Exercise directions:
As the answer, give exactly the lines of the records below from the one with "Торговое помещение 102" through the one with "Первый этаж поликлиники", ends included and pictures left out.

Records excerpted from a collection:

════

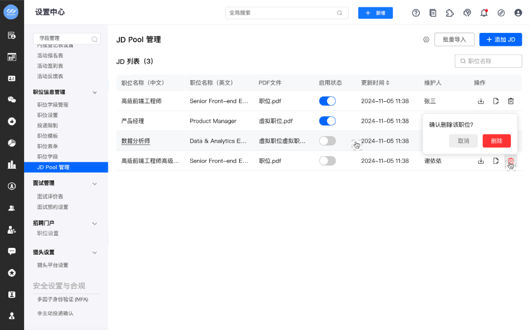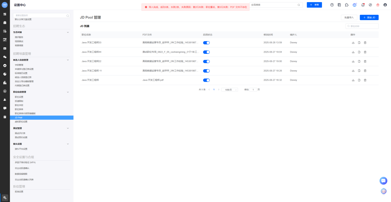 JD Pool 用于集中管理公司各职位的职位描述(JD)相关信息,方便招聘相关人员进行查看、维护、更新等操作
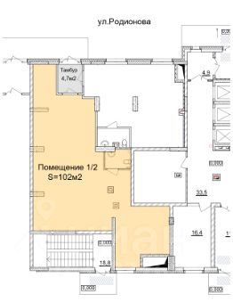 Торговое помещение 102 кв.м. на 1 этаже нового 25-этажного жилого дома, расположенного на одной из центральных улиц города Родионова.
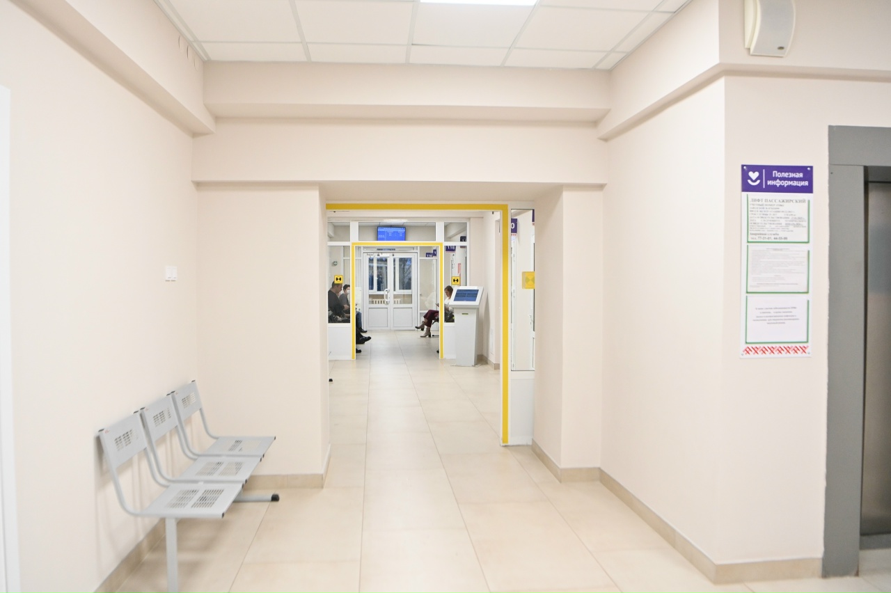 Первый этаж поликлиники полностью обновили. Так, выполнена перепланировка и отделка холла, заменены полы, окна, радиаторы, вся электропроводка.
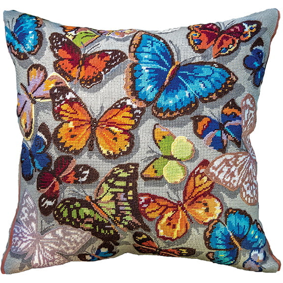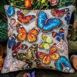 Lovely bright butterflies. This design goes particularly well with Tropical. This kit is worked on 12hpi, the finished piece will measure 16.5″x16.5″, 42x42cm. The sample is mainly worked in tent stitch with a selection of other stitches to give the finished piece a more textured feel. Instructions ae given for all the stitches, but the cushion can be stitched completely in tent stitch if you prefer.
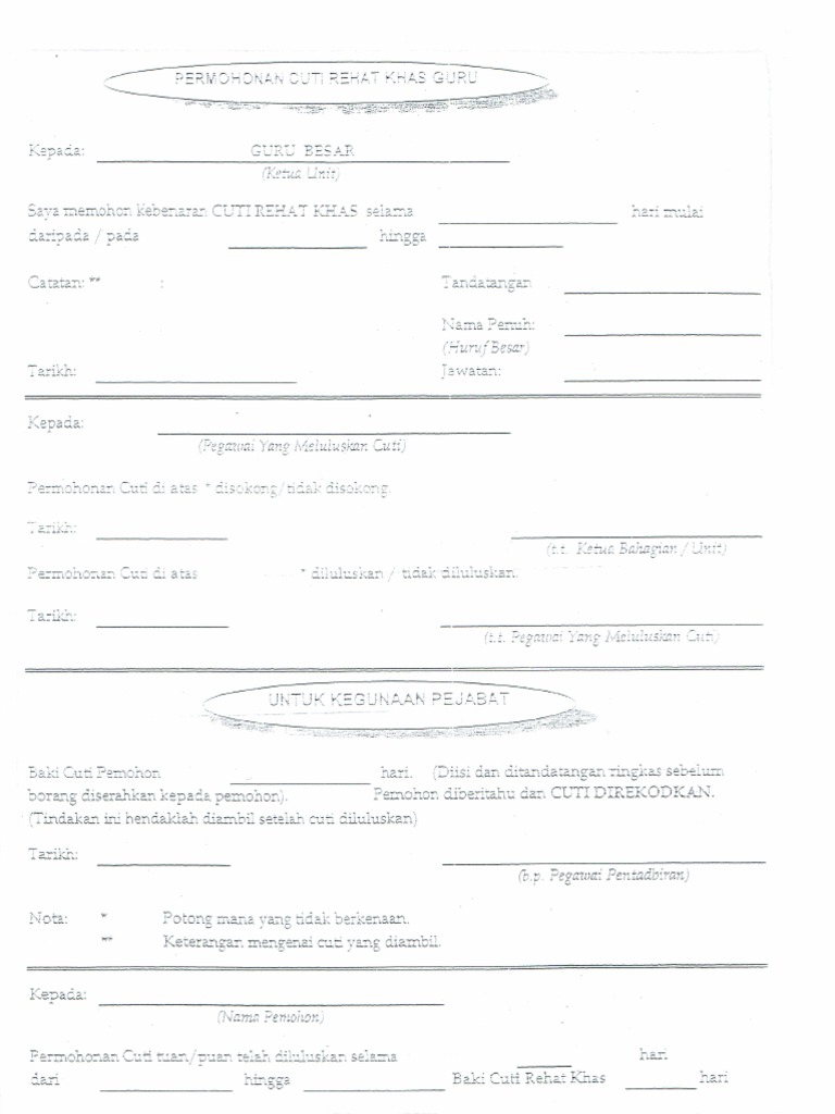 Permohonan Cuti Rehat Khas Kelayakan Cuti Tahun 7 Hari 1 Nama Guru Image Sheet Music Batang

════

Response for this exercise:
 Торговое помещение 102 кв.м. на 1 этаже нового 25-этажного жилого дома, расположенного на одной из центральных улиц города Родионова.
 Первый этаж поликлиники полностью обновили. Так, выполнена перепланировка и отделка холла, заменены полы, окна, радиаторы, вся электропроводка.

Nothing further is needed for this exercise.